The First Step Act, a bipartisan criminal justice reform law passed in Congress last year, was the catalyst for the release of more than 3,100 formerly incarcerated individuals from federal custody on July 19. The majority of those individuals are leaving halfway houses after being convicted of drug-related crimes. This law includes other progress such as outlawing putting shackles on pregnant inmates, outlawing putting juveniles in solitary confinement, and it aims to focus on improving prison conditions and supporting those incarcerated people who pose a low safety risk to society in exiting the prison system by connecting them with the needed resources to reduce recidivism. The law is set to reverse many of the harsh laws created during the War on Drugs era of the 1980s and 1990s.
Families Against Mandatory Minimums, a nonpartisan nonprofit focused on criminal justice reform, stated in a press release, “Every day of freedom is important. The good time credit will benefit more than 150,000 people in federal prison today and many more going forward. We’re happy for the families who get to welcome home their loved ones a few weeks or months early.”

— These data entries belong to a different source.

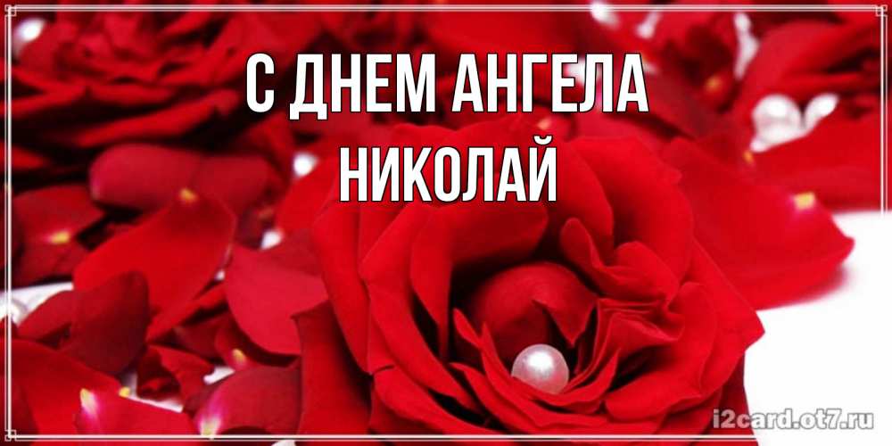 Открытка С днем Ангела Николай. рожа и жемчужина. роза с жемчужиной на открытке для любимых
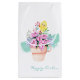 Den här designen har en terra cotta-blomkruka med vackra blommor i fullt. På arrangemang överst finns en liten gult baby chick. I bakgrunden finns det en stänk av en mint grönt färg. Texten "Glad påsk" kan vara personlig med ett särskilt tillfälle eller evenemang i namn.
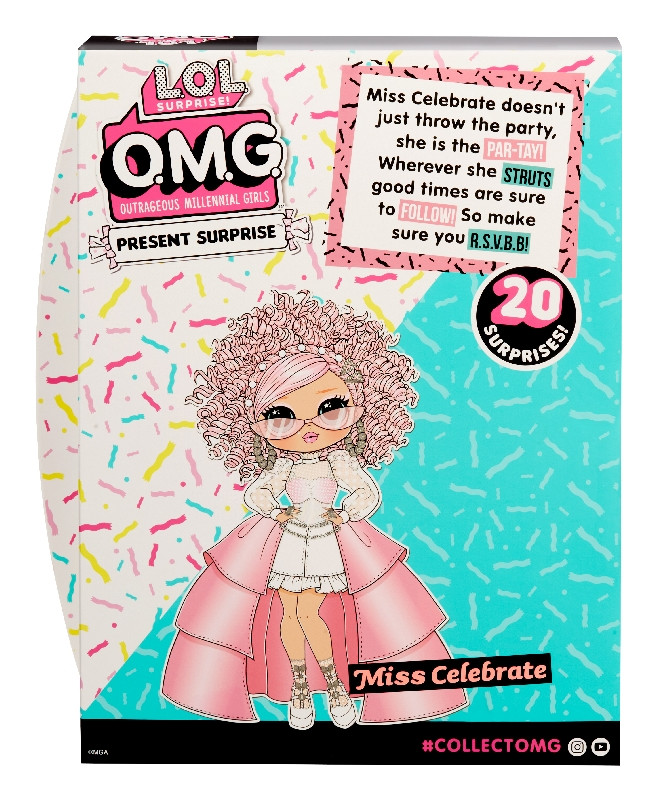 Rozbal módnu bábiku L.O.L. Surprise! OMG Narodeninovú Veľkú ségru Miss Celebrates viac ako 20 prekvapeniami! Skombinuj jej oblečenie a vytvor 3 rôzne módne looky. Obsah balenia: 1 OMG Veľká ségra Miss Celebrate, 20 prekvapenie. Veľkosť postavičky cca 23 cm.
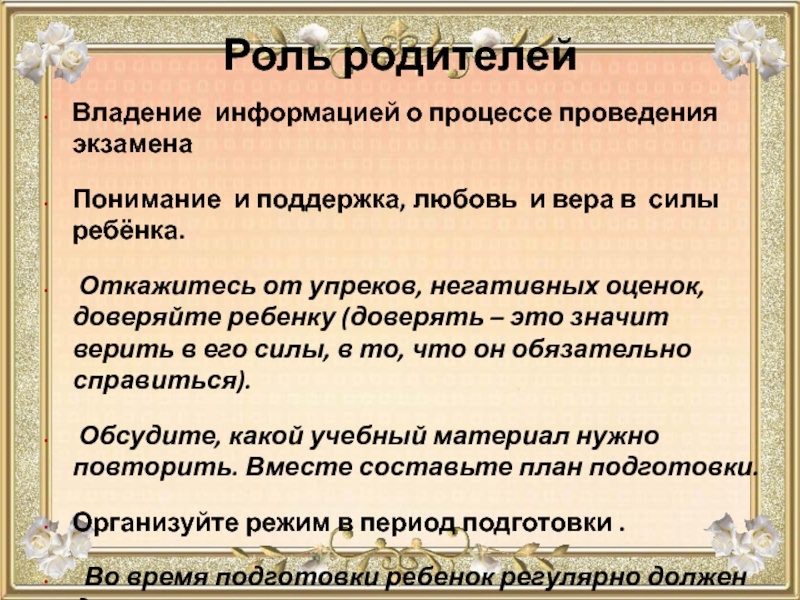 Не повышайте тревожность ребенка накануне экзаменов - это может отрицательно сказаться на результате тестирования .
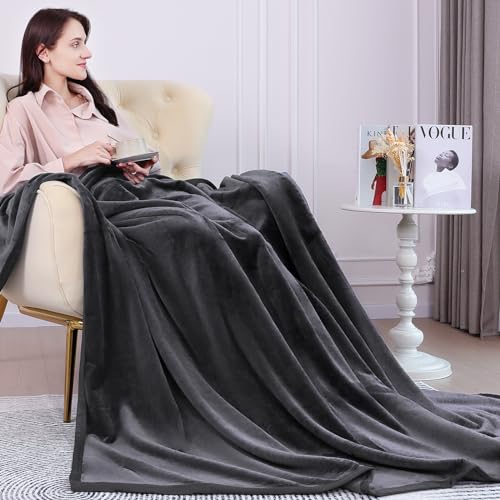 KANKAEU Coperta Pile 230x270 cm, 380GSM Plaid di Lana Super Morbida e Delicata, Plaid Pile, Coperta Pile Singolo, Coperta Come Coperta Divano, Coperta di Flanella, Plaid Divano, Antracite
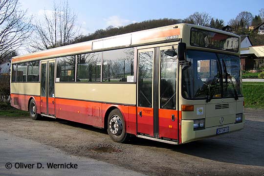 Wie bereits am 17.03.2005 gemeldet, hat die Firma Reicheneder in Wallersdorf einen Mercedes-Benz O 405 beschafft. Das Bild zeigt das im Jahre 1989 erstzugelassene Fahrzeug mit dem Kennzeichen DGF-WR 16.
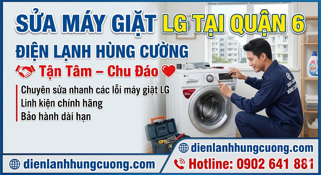 Giữa cái nắng oi ả và nhịp sống hối hả tại Quận 6, chiếc máy giặt LG dường như trở thành "người bạn" không thể thiếu trong mỗi gia đình. Tuy nhiên, bỗng một ngày "người bạn" này đổ bệnh, đình công khiến đống quần áo chất cao như núi. Bạn đang loay hoay tìm kiếm một dịch vụ sửa máy giặt Quận 6 uy tín? Bạn lo sợ gặp phải thợ "dỏm" hoặc bị hét giá?
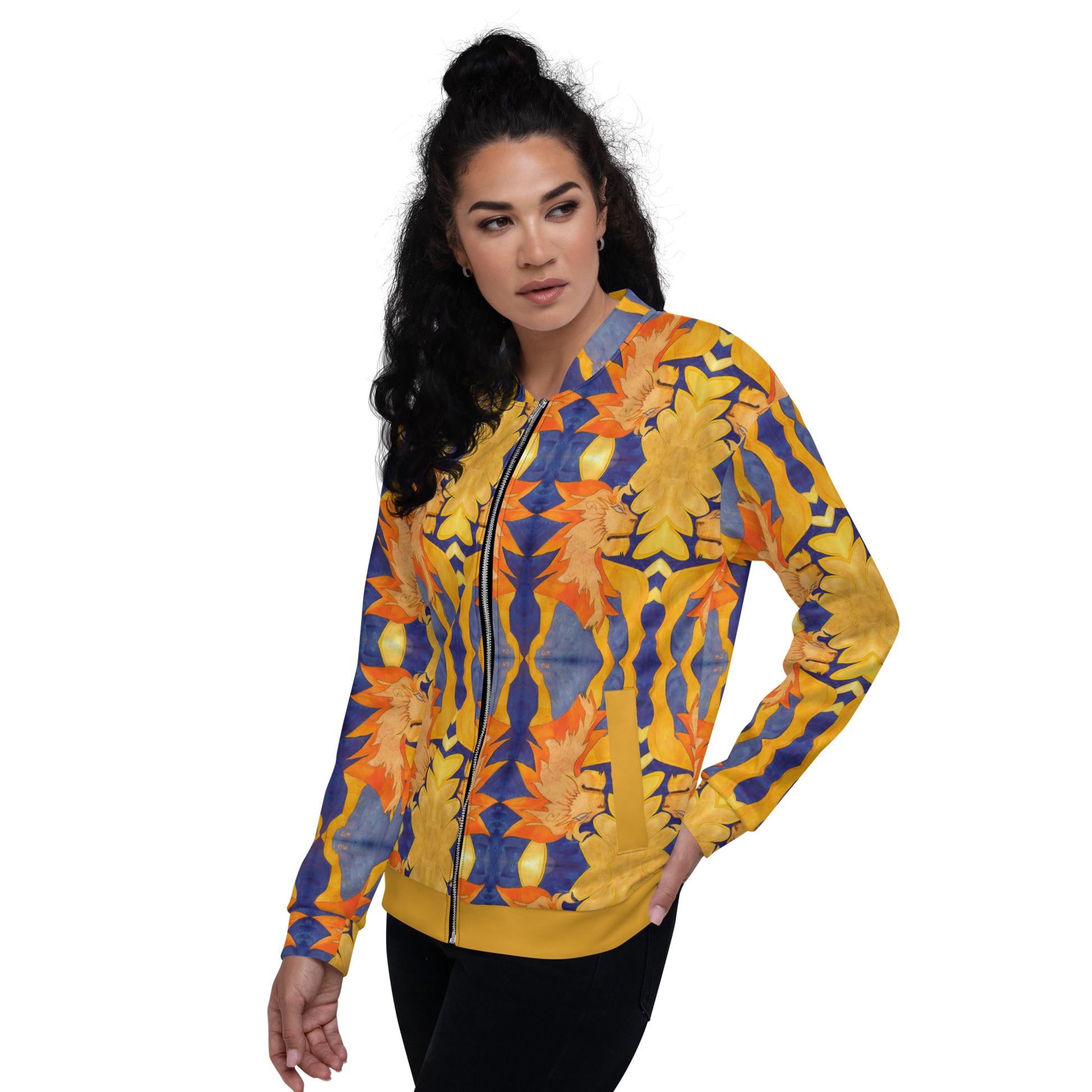 Add a little zing to your wardrobe with this vibrant All-Over Print Bomber Jacket. Wear it on a basic t-shirt, or layer it on top of a warm hoodie—it’ll look great either way. With a brushed fleece inside, and a relaxed unisex fit, this Bomber Jacket is just the stuff of the dreams, so be quick to grab yourself one!

Implementation of the law also includes funding, with $75 million reallocated from other Bureau of Prisons programs to the First Step Act, but additional funding will be needed to further implement facets of the program like rehabilitation and trauma recovery services to help ensure the success of the law and those individuals being released. Some concerns exist as to where the $75 million will come from and what current programs may be affected by the reallocation of funds.
The First Step Act includes plans for a screening tool to help determine recidivism risk factors in incarcerated people who may be able to be safely released from prison. The goal of this tool would also be to match incarcerated individuals with programs, like drug and alcohol treatment, to help reduce their identified risk factors. Matthew Charles served 22 years in prison and was released last week as a result of the First Step Act. In a piece he wrote for the New York Post he said, “Right now there are millions of Americans like me waiting for their second chance. We need Congress to pass more criminal-justice reforms. We need to work together and take the next step and offer so our fellow Americans their shot at a better life.” Charles had more than a decade left on his sentence before the First Step Act granted his release.
While Friday brought freedom to some of the 3,100 individuals unfortunately about one third were released from federal custody to state custody, or released to immigration court proceedings and are now facing immigration detention and deportation. Although many questions remain about the First Step Act, NPR reports, “…groups that work with inmates and their families said that whatever its failings, the First Step Act is making a difference.”
Have any criminal justice reform laws been passed in your state in recent few years? How have they impacted your community?